DATA EXTRACT:
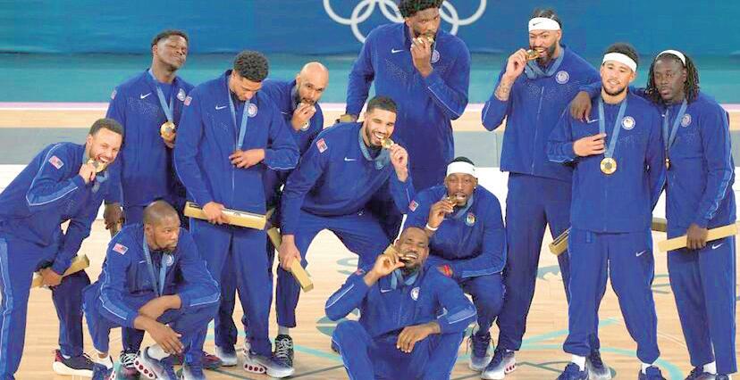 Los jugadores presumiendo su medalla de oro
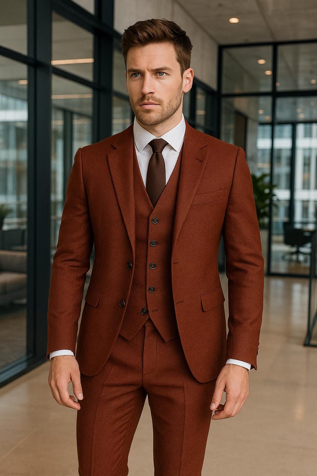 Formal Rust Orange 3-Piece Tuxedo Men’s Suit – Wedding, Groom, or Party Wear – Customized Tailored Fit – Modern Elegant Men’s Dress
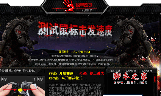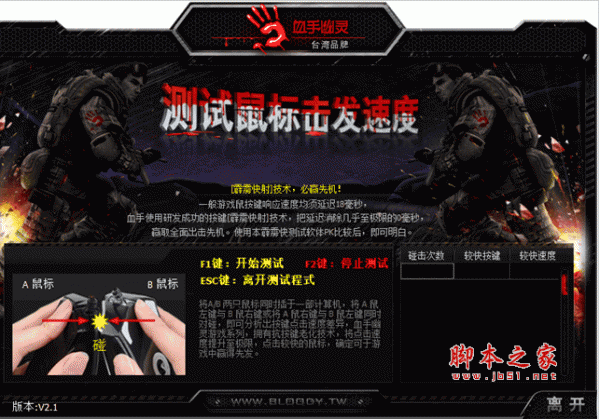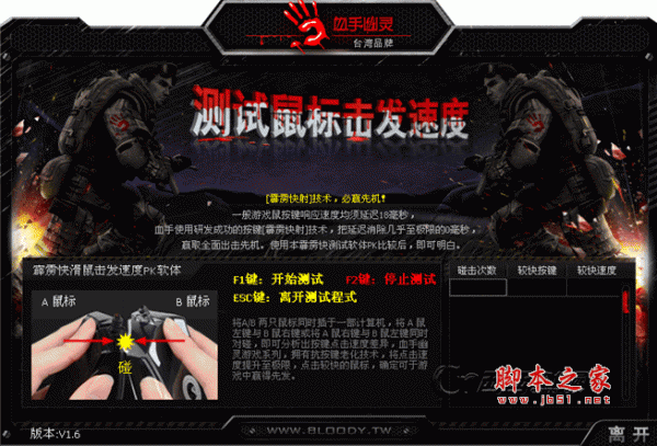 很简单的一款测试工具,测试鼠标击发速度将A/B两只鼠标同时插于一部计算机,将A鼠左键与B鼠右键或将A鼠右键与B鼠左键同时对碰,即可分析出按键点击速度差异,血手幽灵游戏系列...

TASK DESCRIPTION: Line by line, restate the data above exactly as it stands, minus the pictures.

RESPONSE TO THE TASK:
 Los jugadores presumiendo su medalla de oro
 Formal Rust Orange 3-Piece Tuxedo Men’s Suit – Wedding, Groom, or Party Wear – Customized Tailored Fit – Modern Elegant Men’s Dress
 很简单的一款测试工具,测试鼠标击发速度将A/B两只鼠标同时插于一部计算机,将A鼠左键与B鼠右键或将A鼠右键与B鼠左键同时对碰,即可分析出按键点击速度差异,血手幽灵游戏系列...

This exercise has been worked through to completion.